A figura de Ademar é apenas um símbolo da amável e futebolística sociedade brasileira, afinal, aquele sentimento da “mãe” que defende o filho de olhos fechados, independente do que ele fez, encontra na política igual e perigoso comportamento, ocorre que, uma mãe cria vínculos emocionais considerados transcendentais, o que a torna perdoável quando ela defende a sua cria, mesmo que de forma equivocada, já nós, quando “passamos pano” para nos nossos corruptos de estimação, declaramos o nosso amor pelo “rouba mas faz” ou “rouba mas é boa pessoa”.
Entendam que, as relações familiares estão na esfera privada e que só nos dizem respeito quando são danosas aos seus membros ou à sociedade, no entanto, a corrupção sempre nos diz respeito, pois decorre do uso indevido do dinheiro público, seja para benefício pessoal, de um grupo ou para um fim que não seja o interesse público, gerando sempre impactos negativos para a sociedade, que vão desde uma gestão pública ineficiente, leis inúteis, “políticas públicas” com prazo, educação em frangalhos, ruas esburacadas, pessoas mortas em filas de hospitais, e principalmente a corrupção depreda nosso senso crítico e moral.

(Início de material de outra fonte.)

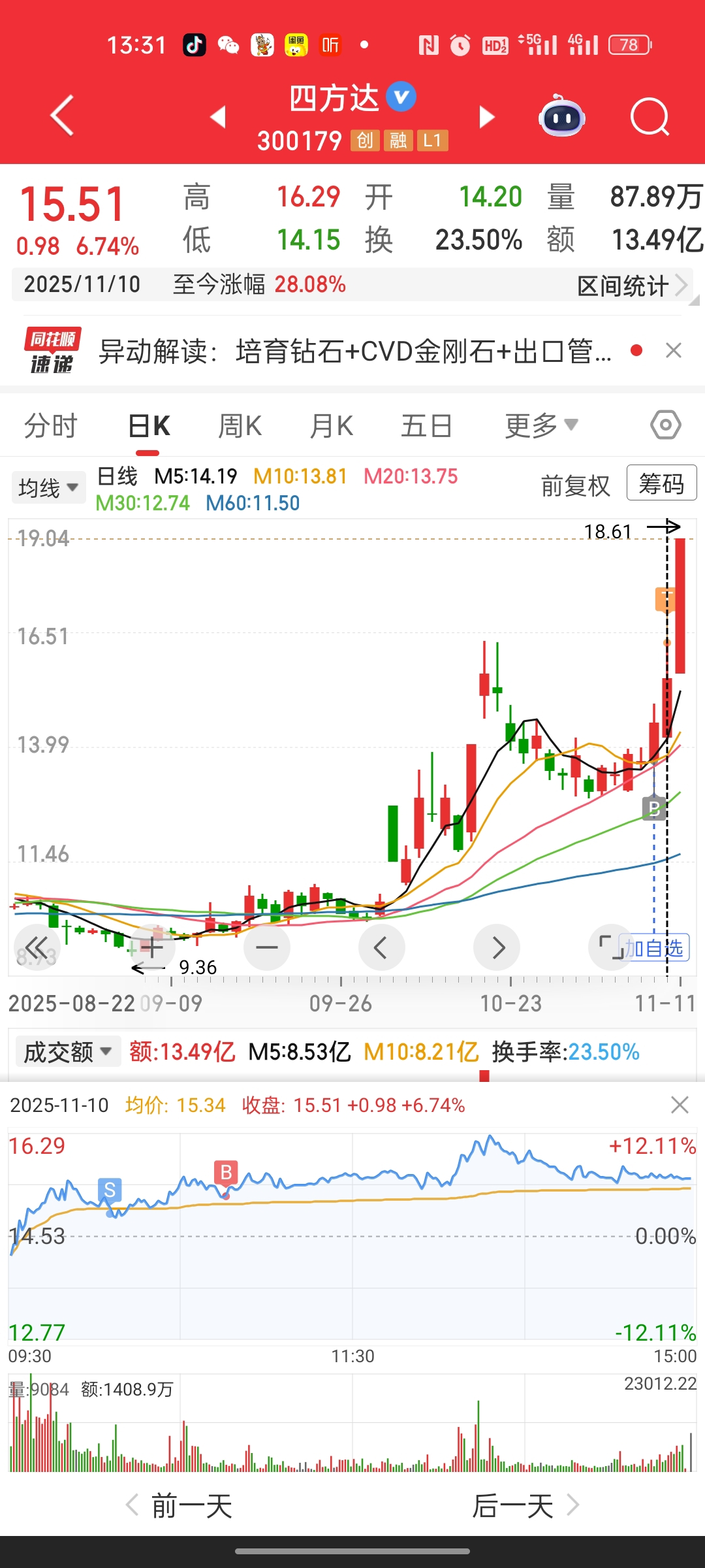 $四方达(SZ300179)$ 昨日下杀把我洗出去了!很是气愤,分时低点又接回来了,果然没让我失望!
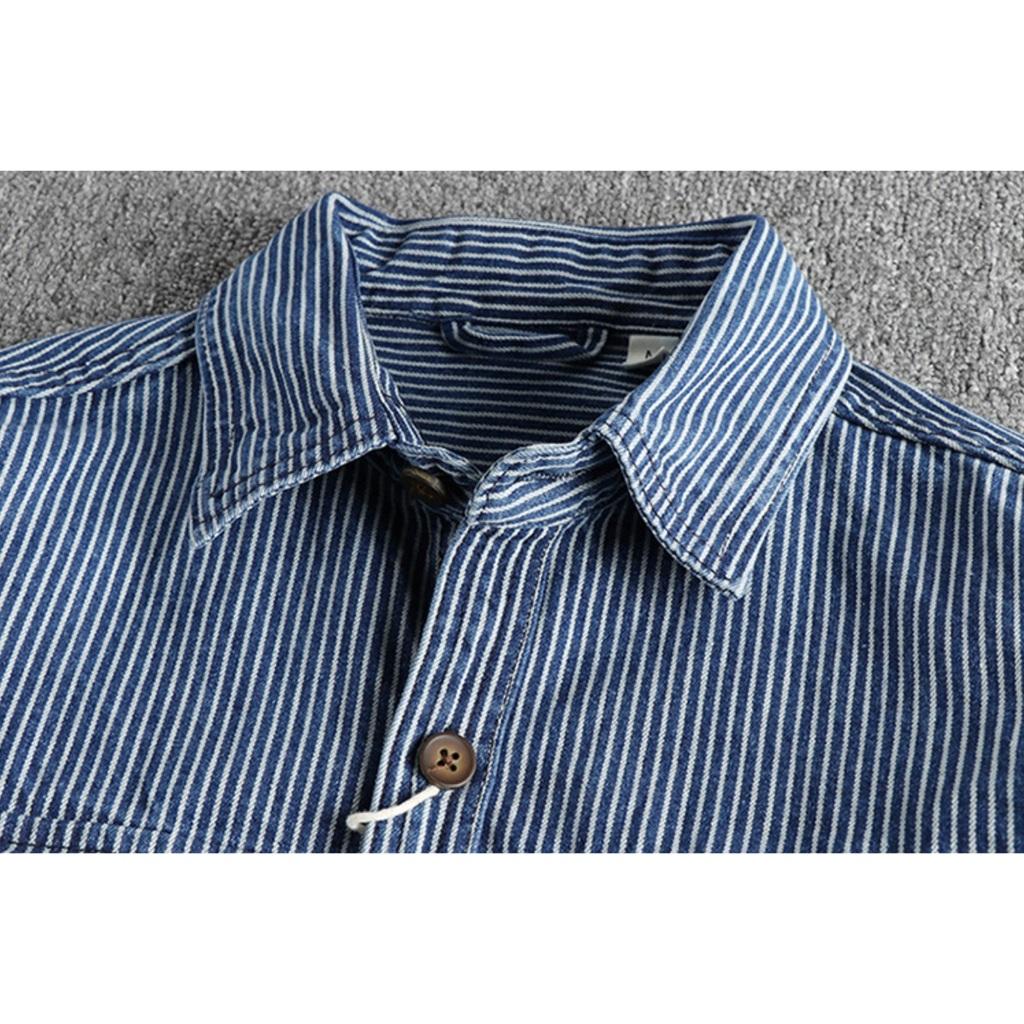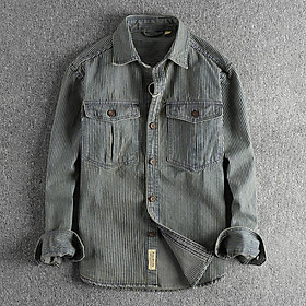 ✨Áo sơ mi denim sọc phong cách Retro_Biker_Army
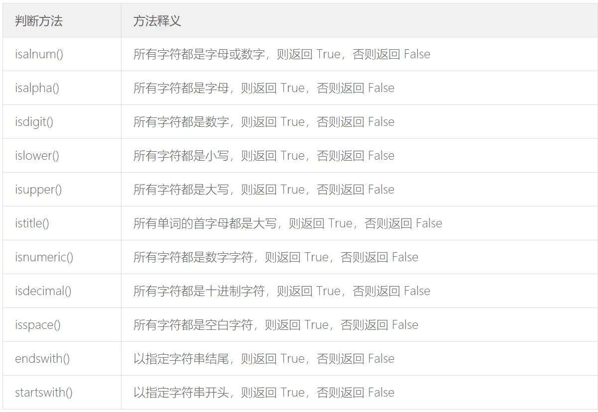 判断字符串是否(只)包含某些字符内容,这类使用场景也很常见,例如在网站注册时,要求用户名只能包含英文字母和数字,那么,当校验输入内容时,就需要判断它是否只包含这些字符。其它常用的判断操作,详列如下:
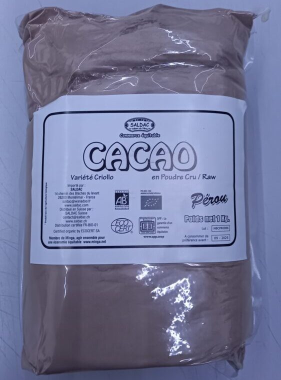 Cacao cru en poudre, biologique. Transformé au Pérou par une petite chocolaterie avec les fèves Criollo de la coopérative Pangoa et les fèves Chuncho (une variété locale de Criollo) de la coopérative Alto Urubamba. Puissant en arôme et très fruité. Excellent pour les chocolats chauds ou froids, les gâteaux. Encore plus de vitamines que dans le cacao torréfié.
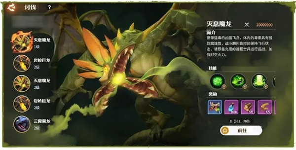 1、灭息魔龙:始终盘旋在巢穴上方的剧毒飞龙,攻击性极强,可喷吐毒液对敌军造成大范围伤害。推荐上阵具备对空能力的英雄与士兵,除此之外,需要安排能抗伤的前排单位抵挡攻击。
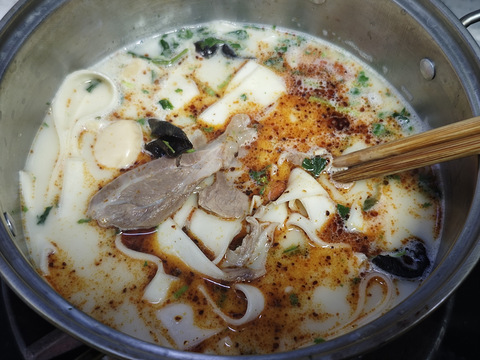 最近喜欢上了山姆的各种半成品面,价格确实不算便宜,吃了好几种了,大部分都挺喜欢今天来评下新上的羊肉烩面4份85.9 也就是21.5一份,有点小贵烩面貌似是河南的做法这汤色有点一勺三花淡奶的feel,汤底很浓郁,羊肉味也很浓,有一点稍微,但不至于很上头羊肉给的量还不算少,至少比兰州拉面多很多羊肉口感很嫩滑,配了3个鹌鹑蛋,这个面貌似是统一出的面条是皮带宽面,我挺喜欢这口感,我讨厌细面配的油辣子海椒,
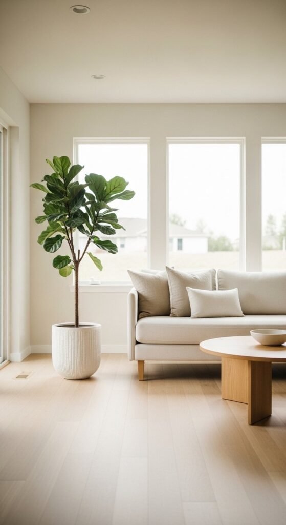 Plants soften clean lines and add life to minimalist rooms. Choose one or two larger plants rather than many small ones. Fiddle leaf figs, olive trees, or rubber plants work well. Use simple ceramic or stone planters in neutral shades.
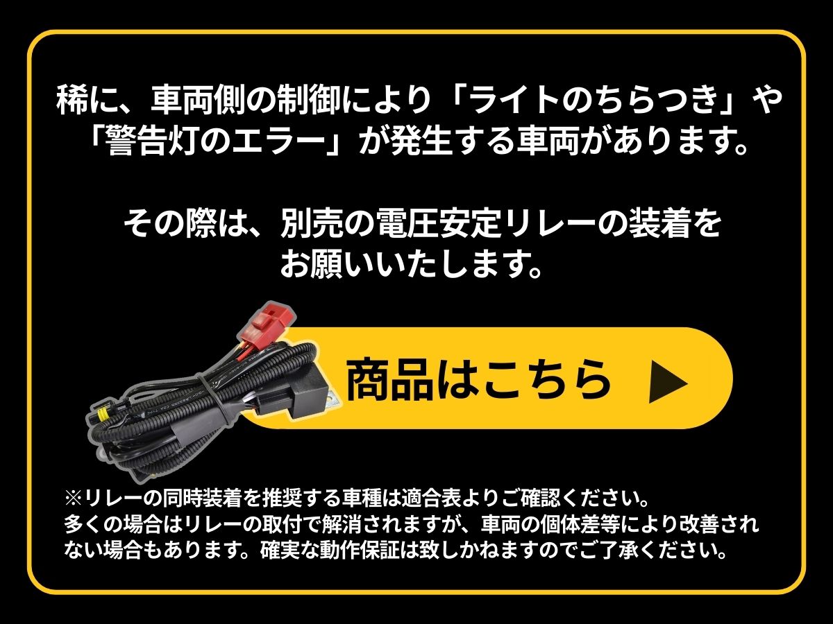 | 最新、その他車種情報は>適合表<をご確認ください。 ご購入前には、必ず現車にて装着されているバルブ形状と取付けスペースの確認をお願いいたします。 ・バルブ取付時は回しすぎにご注意ください。 ・作業スペースが狭い場合、バンパーを外しての作業となる場合があります。 ・T20トルクスネジが使われている場合があります。その場合は、お客さまにて必要な工具をご準備ください。 ・ヒートセンサーにより、温度上昇時はLEDが暗くなることがあります。 【車検について】 フロスティブルーとアンバーは車検非対応カラーです。 ライムイエローは車検基準を満たす黄色ですが、検査官の判断により不適合となる場合がございます。 検査時はホワイト or イエローに切り替えてください。 ※メモリー機能付きのため、車検を受ける前にホワイト、またはイエローで点灯するかご確認ください。 【取付不可車両】 24V車/輸入車/純正フォグランプユニット未装着車/純正バイカラーLEDフォグランプ装着車 車種・グレードによっては取付できません。必ず適合表をご確認ください。 特に下記の車種では購入間違いが増えておりますので、ご購入前に今一度ご確認をお願いいたします。 【ノア 90系】S-Z/S-Gグレード:フォグユニット タイプB / Zグレード、Xグレード(後期のみ):L1Bバルブ 【RAV4 50系】アドベンチャーグレード:フォグユニット タイプB / アドベンチャーグレード以外:L1Bバルブ ・車両側の制御システムの影響により、稀に「ちらつき」や「エラー表示」等の症状が発生する場合がございます。 万が一このような症状が出た場合は、電圧安定用リレー(別売)のお取り付けをお試しください。 リレーの追加で改善されるケースがほとんどですが、車両ごとの相性もあるため、すべての車両での改善を保証するものではございません。 弊社で把握している「リレーが必要な車種」は適合表に記載しておりますので、あわせてご確認をお願いいたします。 その他、保証規定、返品・交換、車検については>ご利用ガイド<をご確認ください。 |

A título de exemplo, em 2005 vemos acusação e posterior condenação de vários petistas do núcleo central do governo lulista em virtude do “Mensalão” (uso de dinheiro público para compra de votos de deputados), posteriormente presenciamos o “boom!” da Lava Jato, onde marketeiros das eleições de 2010 e 2014 fazem delação apontando que trabalharam em campanhas com dinheiro público repassado por via ilícita pelas construtoras contratadas pelo governo federal, mesmo assim o TSE falou que tá ok. Em paralelo, temos vários históricos de governadores, senadores, deputados, prefeitos, vereadores, flagrados com dólar na cueca, guardando malas de dinheiro em prédios, fraudando licitações, criando “laranjais”, superfaturando compras, e pior, agradando nossos ouvidos com verdadeiros “cantos de sereia”, nutrindo estomago, vaidades, necessidades, vazios principiológicos e ideológicos.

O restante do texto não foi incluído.